Kyrgyzstan is now fully self-sufficient in six of nine socially important food products: potatoes, milk, meat, vegetables, eggs, and sugar, according to the Ministry of Water Resources, Agriculture, and Processing Industry, which oversees national food security through agricultural production monitoring. The country achieved full self-sufficiency in sugar in 2024, having previously relied on imports. Regarding meat, Kyrgyzstan meets its domestic demand for beef and lamb and is close to achieving self-sufficiency in poultry. However, higher meat prices in neighboring Uzbekistan and Tajikistan led Kyrgyz farmers to export meat for greater profits. In response, the government introduced a ban on meat exports and imposed price controls to stabilize domestic markets. To support local egg producers, the government has banned egg imports amid rising domestic production. Kyrgyzstan now exports chicken eggs; from January to August 2025, the country exported 3.3 million eggs. The remaining three staple food products, bread (including flour and grain), vegetable oil, and fruit, are still partially dependent on imports.
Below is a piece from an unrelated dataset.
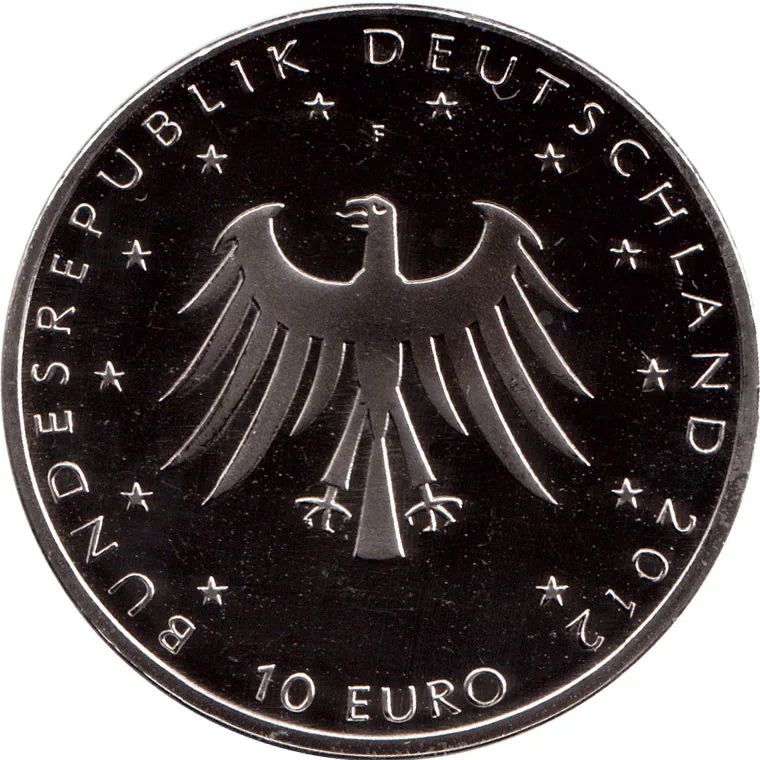 The stylized federal eagle and EU stars are centered on the coin. Above is "BUNDESREPUBLIK DEUTSCHLAND". Below are the year "2012" and face value "10 EURO". The Stuttgart mint mark "F" is above the eagle. References to silver are omitted to distinguish it from the silver issue.
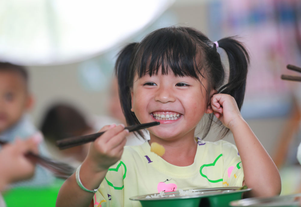 ↑貴州省從江縣剛邊壯族鄉(xiāng)中心幼兒園的小朋友在享用免費營養(yǎng)午餐(9月15日攝)。

Kyrgyzstan Introduces Voluntary Loan Ban to Curb Financial Fraud

Starting November 1, Kyrgyzstan will implement a self-restriction mechanism allowing citizens to voluntarily block the issuance of loans and credits in their name, a measure aimed at protecting individuals from financial fraud involving unauthorized loans. Announcing the initiative at a press conference on October 30, Bektur Aliyev, Deputy Chairman of the National Bank of Kyrgyzstan, said the new regulation comes in response to a rise in cases where fraudsters used fake or stolen passports to secure loans online. The self-restriction can be activated or revoked remotely at any time via the State Portal of Electronic Services or the Tunduk mobile app. Once submitted, the restriction takes effect immediately, while cancellations require a 12-hour waiting period. Financial institutions, including banks and microfinance organizations, are legally required to check for any active self-restriction before issuing a loan. If such a restriction is in place, the loan cannot be granted. Should a loan be issued during the restricted period, the contract is deemed legally invalid and the lender has no legal grounds to demand repayment. According to the National Statistics Committee, microcredit organizations issued over 40 billion soms in loans to more than 567,000 recipients in the first half of 2025. More than 60% of those loans were for consumer purposes, and the volume of microloans increased by 34% compared to the same period last year. A similar voluntary loan restriction system has been in place in Kazakhstan since 2023.